Sign in to view source links and access this dataset
Description
A synthetic translation dataset distilled from multiple open corpora including WikiMatrix, TED2020, UNPC, ParaCrawl, and tldr-pages. Created by Neurora using a locally-hosted teacher model, it was last updated on May 25, 2026. The dataset is designed for edge deployment on Android devices to enable offline, low-latency machine translation.
Use Cases
Fine-tuning student models for English-Chinese translation based on the distilled synthetic data.
Deploying offline machine translation on Android devices based on the dataset's design for edge computing.
Researching distillation techniques for translation models based on the method using a teacher model.
Benchmarking translation quality on resource-constrained hardware based on the low-latency target.
Strengths
Distilled from five established open corpora: WikiMatrix, TED2020, UNPC, ParaCrawl, and tldr-pages.
Designed specifically for edge deployment on Android, targeting offline and low-latency use cases.
Generated entirely using renewable energy, as stated in the description.
Limitations
Column-level documentation is absent; field semantics must be inferred after download.
Row count, file formats, and license information are unknown, which limits suitability assessment.
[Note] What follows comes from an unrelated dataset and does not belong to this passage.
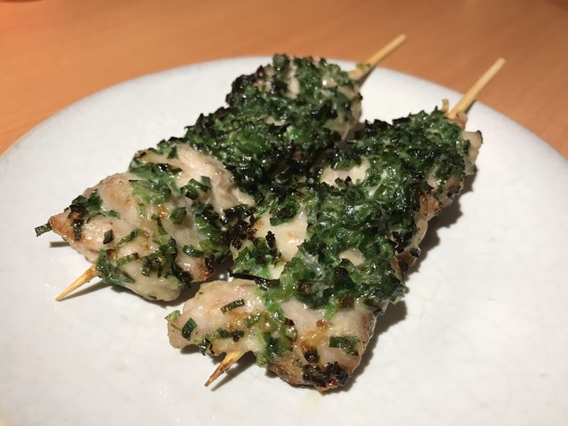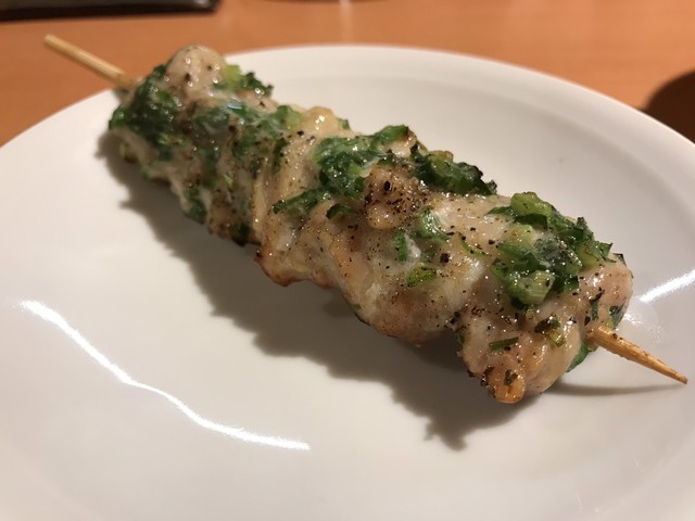 これこれ!新鮮な鳥の白レバーが入った時にしか作らない絶品メニュー。特製の味噌ペーストで漬けたレバーは芳醇の極み。歯ごたえも適度にしっかりしていて食べ進みやすい。勿論、臭みはまったくない。口の中で広がる芳醇さと旨味は一気に広がり、スーッと引いていく。後味は意外なほどにスッキリだ。白ワインにも合いそう。
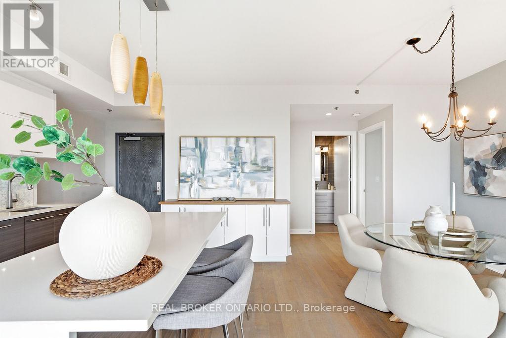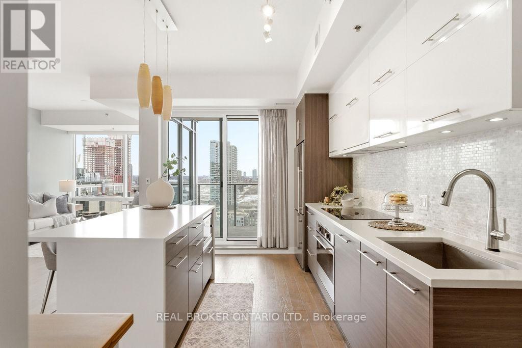 Perched atop the Ottawa escarpment, the elevated ridge overlooking the river, stands the architecturally striking Cathedral Hill. On the 14th floor sits this refined 2 bedroom, 2 bath, 1078 square foot condominium residence with an additional, private 79 square foot terrace. Expansive floor-to-ceiling windows frame spectacular views of the Ottawa River and Gatineau Hills while filling the open-concept living space with warmth and natural light. The thoughtfully designed kitchen features quartz countertops, sleek cabinetry, a custom pantry, and an upgraded Fulgor Milano induction stove with built-in oven, its clean lines flowing effortlessly into the living and dining area with a cozy fireplace and convenient automated blinds. The layout strikes an ideal balance of comfort and sophistication for both entertaining and everyday living. The primary bedroom offers a calm and private retreat with large windows and an additional custom closet system. The elegant 4-piece ensuite continues the home's modern aesthetic with refined materials and streamlined design. The second bedroom, with ample storage, provides versatile space for guests or a home office. This unit includes underground parking with personal EV charger and a storage locker. Residents of Cathedral Hill enjoy generous amenities including a fitness centre, lounge with catering kitchen, meeting space and guest suites. Designed by Windmill Developments, known for sustainability and architectural excellence, the tower rises beside the Gothic Christ Church Cathedral, blending historic stone with modern glass and clean contemporary lines. Located at the west end of Sparks Street, the setting is uniquely tranquil for downtown. Limited through-traffic, the cathedral grounds and largely empty government offices after hours create a rare offering: peaceful, walkable, and convenient urban living in one of Ottawa's most architecturally distinctive buildings. (id:58075)

The dataset's synthetic nature may introduce artifacts not present in original human-translated data.
Provenance
Source
Distilled from OpenCorpus sources: WikiMatrix, TED2020, UNPC, ParaCrawl, and tldr-pages.
Collection Method
Generated using a locally-hosted teacher model for distillation.
Freshness
Last updated 2026-05-25 10:55:08; freshness should be verified.
License is unknown; terms of use must be verified before application.